I made a phone call to a retired Angola gunbull by the name of Buttermilk Strunk, then signed out of the office and drove to a small pepper farm and tin-roofed white frame house not far from the entrance of the prison. Buttermilk was not a rotund, happy, doughlike creature, as his name might suggest. Instead, he was one of those for whom psychiatrists and theologians do not have an adequate category.

It is difficult to describe in a convincing way the kind of place Angola was in the Louisiana of my youth, primarily because no society wishes to believe itself capable of the kinds of abuse that occur when we allow our worst members, usually psychopaths themselves, to have sway over the powerless.

For the inmates on the Red Hat gang, which was assigned to the levee along the river, it was double time and hit-it-and-git-it from sunrise to sunset, or what the guards called “cain’t-see to cain’t-see.” The guards on the Red Hat gang arbitrarily shot and killed and buried troublesome convicts without ever missing a beat in the work schedule. The bones of those inmates still rest, unmarked, under the buttercups and the long green roll of the Mississippi levee.

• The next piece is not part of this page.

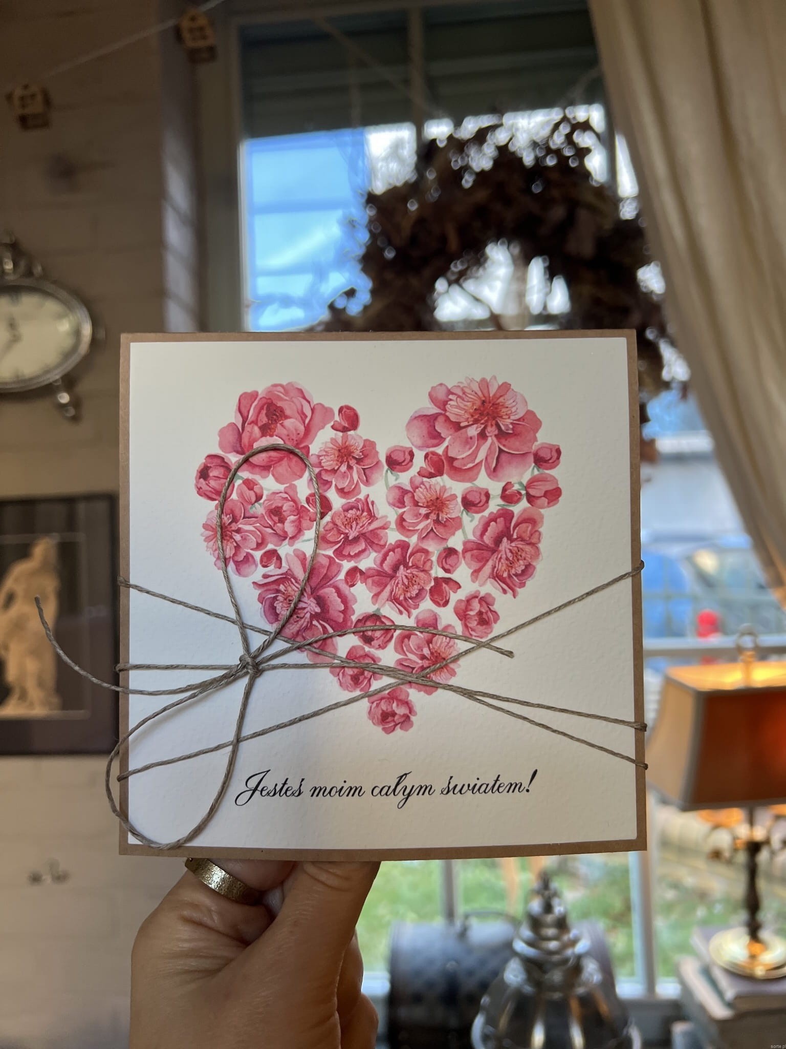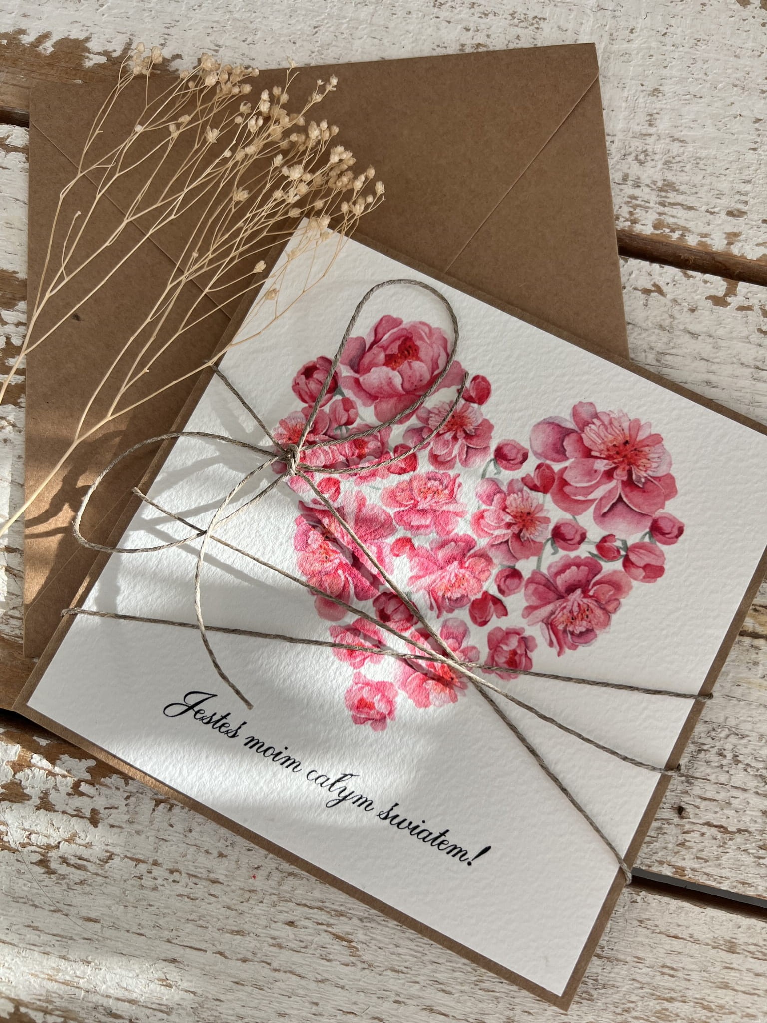 Wymiar kartki 14x14 cm w zestawie z brązową kopertą. Kartka przewiązana lnianym sznureczkiem.

The sweatboxes were iron cauldrons of human pain set in concrete on Camp A, where Leadbelly, Robert Pete Williams, Hogman Matthew Maxey, and Guitar Welch did their time. Convicts who passed out on work details were stretched on anthills. Trusty guards, mounted on horseback and armed with chopped-down double-barreled shotguns, had to serve the time of any inmate they let escape. There was a high attrition rate among convicts who tried to run.

I sat at the kitchen table with Buttermilk Strunk, the curtains puffing in the breeze. His face was like a pie plate, his skin almost hairless, his eyes baby-blue, so pure in color they seemed incapable of moral doubt. His breath wheezed inside his massive chest, and he smelled of soap and talcum powder and the whiskey he drank from a jelly glass. His shirt was scissored off below his nipples, and the place where his liver was located looked as if a football had been sewn beneath the skin there. After he had retired from the prison, he had worked for five years for the state police. Whenever a convict ran, the state always called upon Buttermilk Strunk to bring him back. Buttermilk killed eight men and never returned a living convict to the prison system.

“Remember a guard named Legion, Cap? Maybe last name of Guidry?” I asked.

His eyes left mine uncertainly, then came back. “He worked at Camp I. That’s when it was half female,” he replied.

“Know much about him?”

“They run him off. Some of the colored girls said he was molesting them.”

“That’s all you recall about him?”

“Why you want to know?”

“I’ve had trouble with him.”

He started to take a drink from his jelly glass, then set it down. He got up from the table and poured his glass in the sink and rinsed it under the faucet.

“Did I say something wrong?” I asked.

“You read much of Scripture?”

“A bit.”

“Then you seen his name before. Don’t you drag that man into my life and don’t you tell nobody I was talking about him, either. You best be on your way, Mr. Robicheaux,” he said, his mouth puckered, his eyes steadfastly avoiding mine.